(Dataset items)
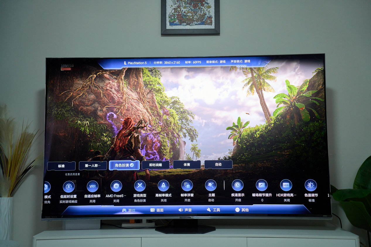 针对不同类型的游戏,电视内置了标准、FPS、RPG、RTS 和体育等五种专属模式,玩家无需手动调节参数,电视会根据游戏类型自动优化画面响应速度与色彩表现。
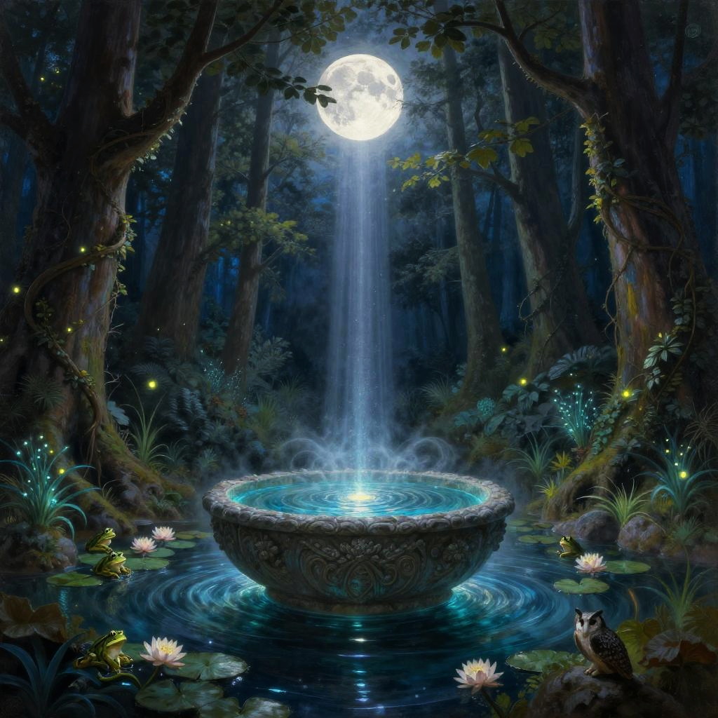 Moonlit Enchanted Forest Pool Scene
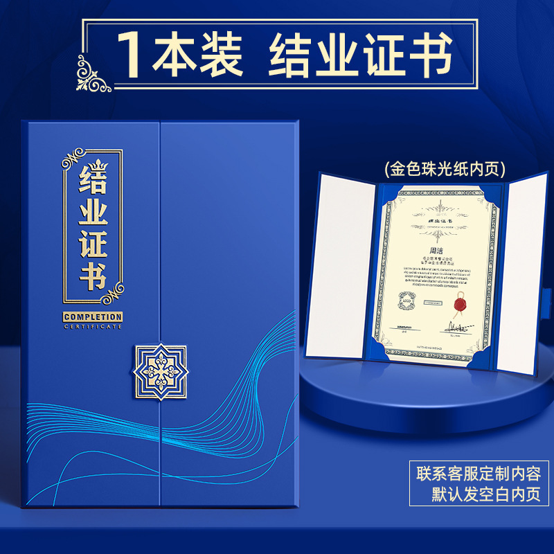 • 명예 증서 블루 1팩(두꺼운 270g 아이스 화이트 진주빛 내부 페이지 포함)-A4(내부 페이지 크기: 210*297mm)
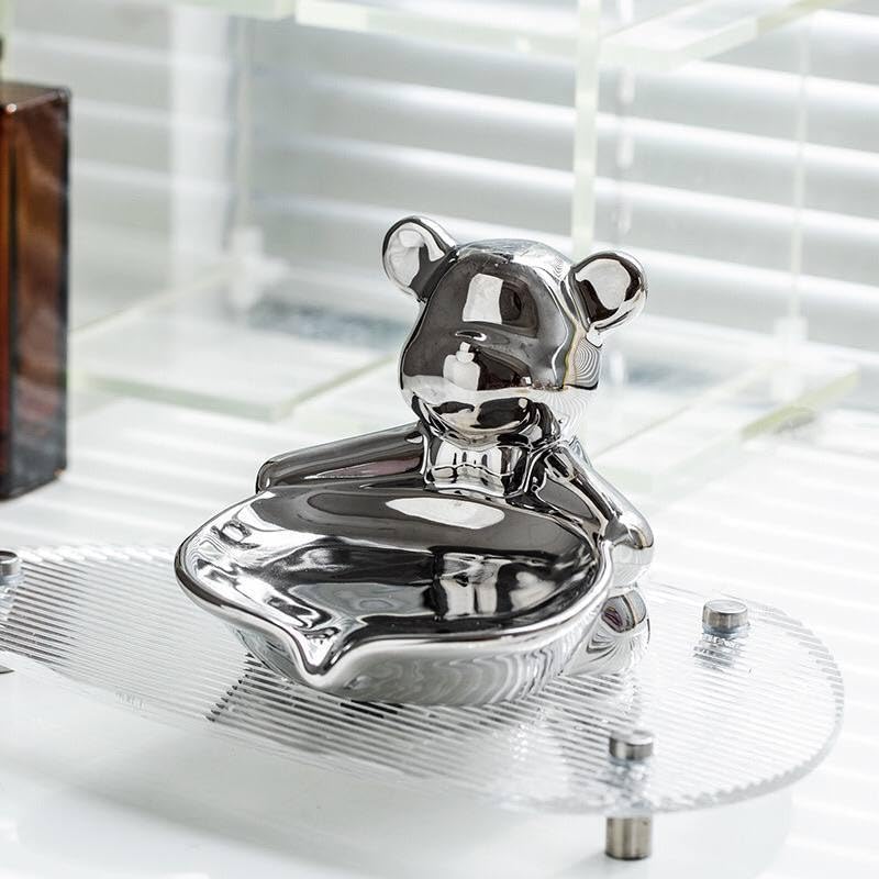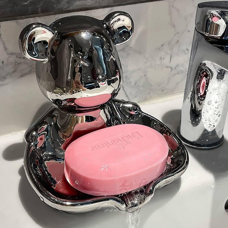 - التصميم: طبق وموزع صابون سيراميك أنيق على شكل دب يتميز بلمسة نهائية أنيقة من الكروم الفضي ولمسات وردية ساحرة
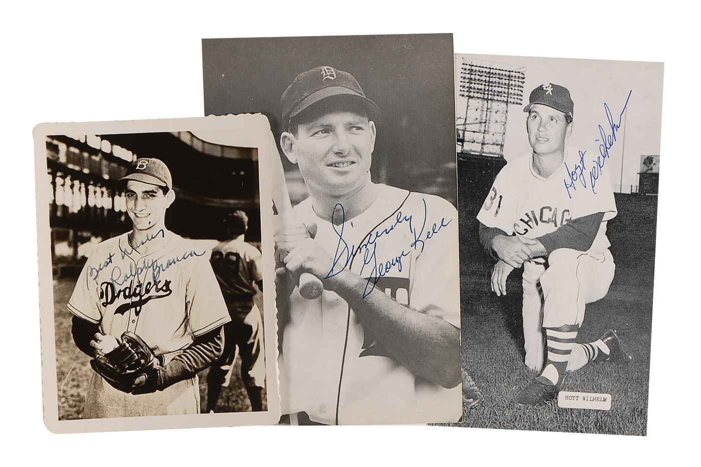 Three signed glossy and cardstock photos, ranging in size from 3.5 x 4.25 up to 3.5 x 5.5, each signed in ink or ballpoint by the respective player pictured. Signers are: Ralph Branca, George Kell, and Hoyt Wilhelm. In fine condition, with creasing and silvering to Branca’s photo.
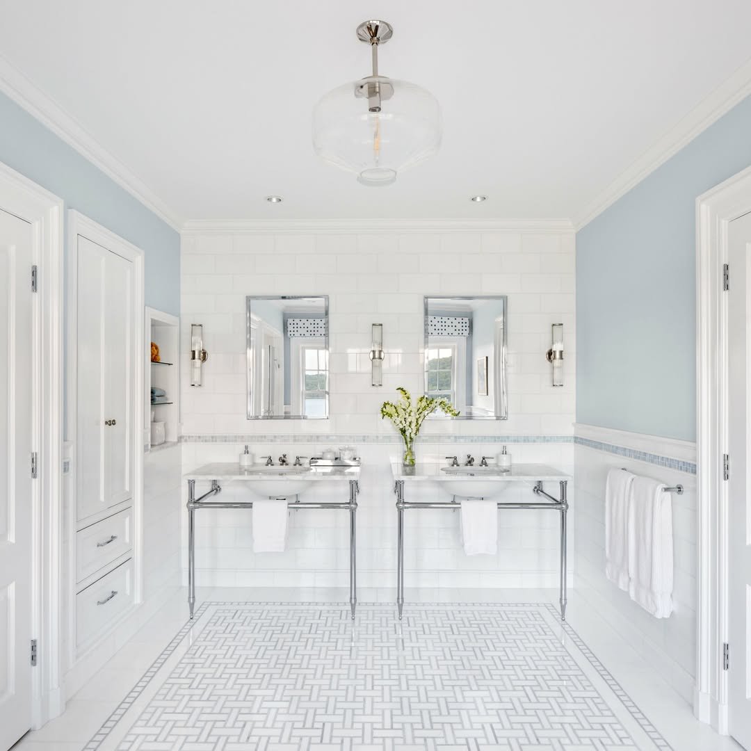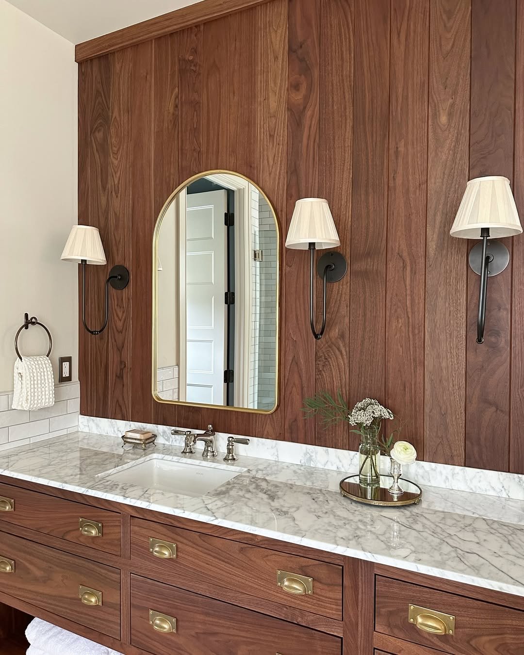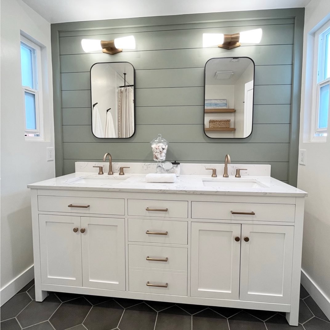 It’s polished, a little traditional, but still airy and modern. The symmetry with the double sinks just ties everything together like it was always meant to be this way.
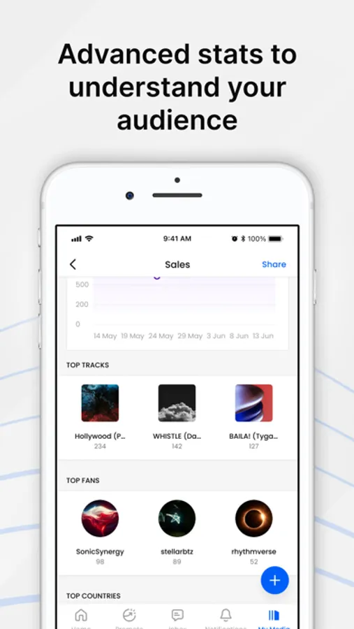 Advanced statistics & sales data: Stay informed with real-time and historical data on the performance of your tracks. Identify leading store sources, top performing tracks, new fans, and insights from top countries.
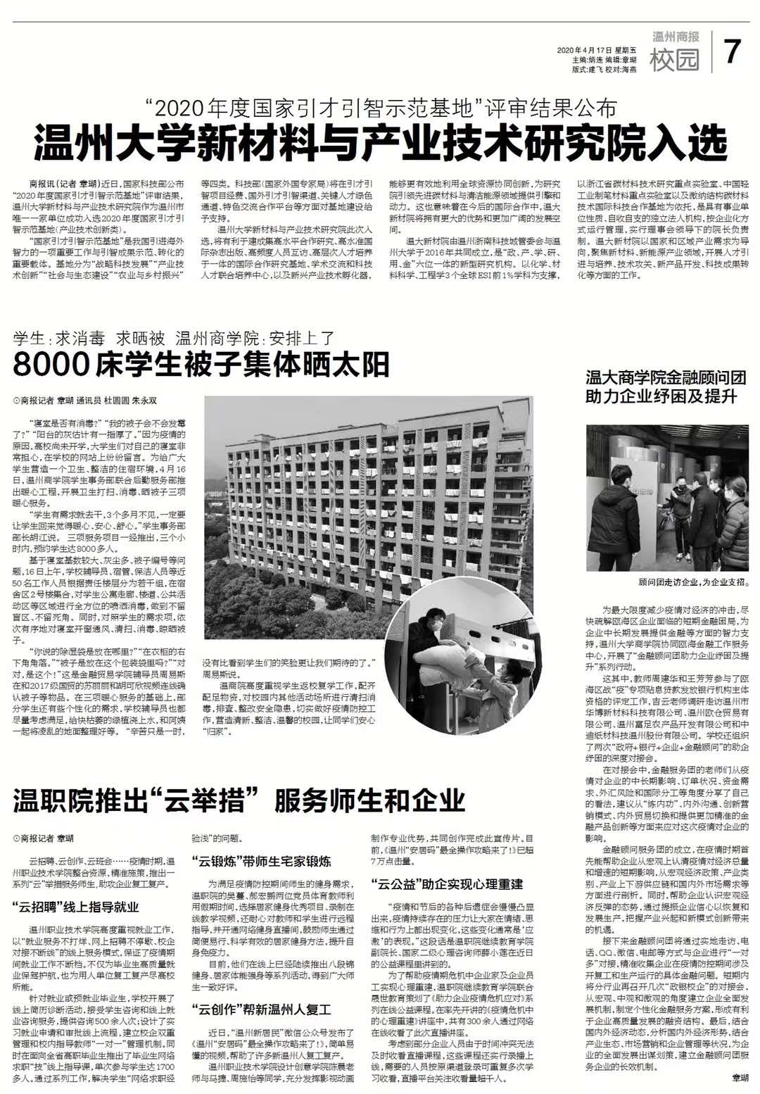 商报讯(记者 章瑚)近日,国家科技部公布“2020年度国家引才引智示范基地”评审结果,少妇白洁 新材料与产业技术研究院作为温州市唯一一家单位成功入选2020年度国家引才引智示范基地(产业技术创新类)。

--- Task directions ---
Each line from the line containing "It’s polished, a" through the final line of the data above must be retyped exactly; nothing else, and no pictures, may appear.

--- Written response ---
 It’s polished, a little traditional, but still airy and modern. The symmetry with the double sinks just ties everything together like it was always meant to be this way.
 Advanced statistics & sales data: Stay informed with real-time and historical data on the performance of your tracks. Identify leading store sources, top performing tracks, new fans, and insights from top countries.
 商报讯(记者 章瑚)近日,国家科技部公布“2020年度国家引才引智示范基地”评审结果,少妇白洁 新材料与产业技术研究院作为温州市唯一一家单位成功入选2020年度国家引才引智示范基地(产业技术创新类)。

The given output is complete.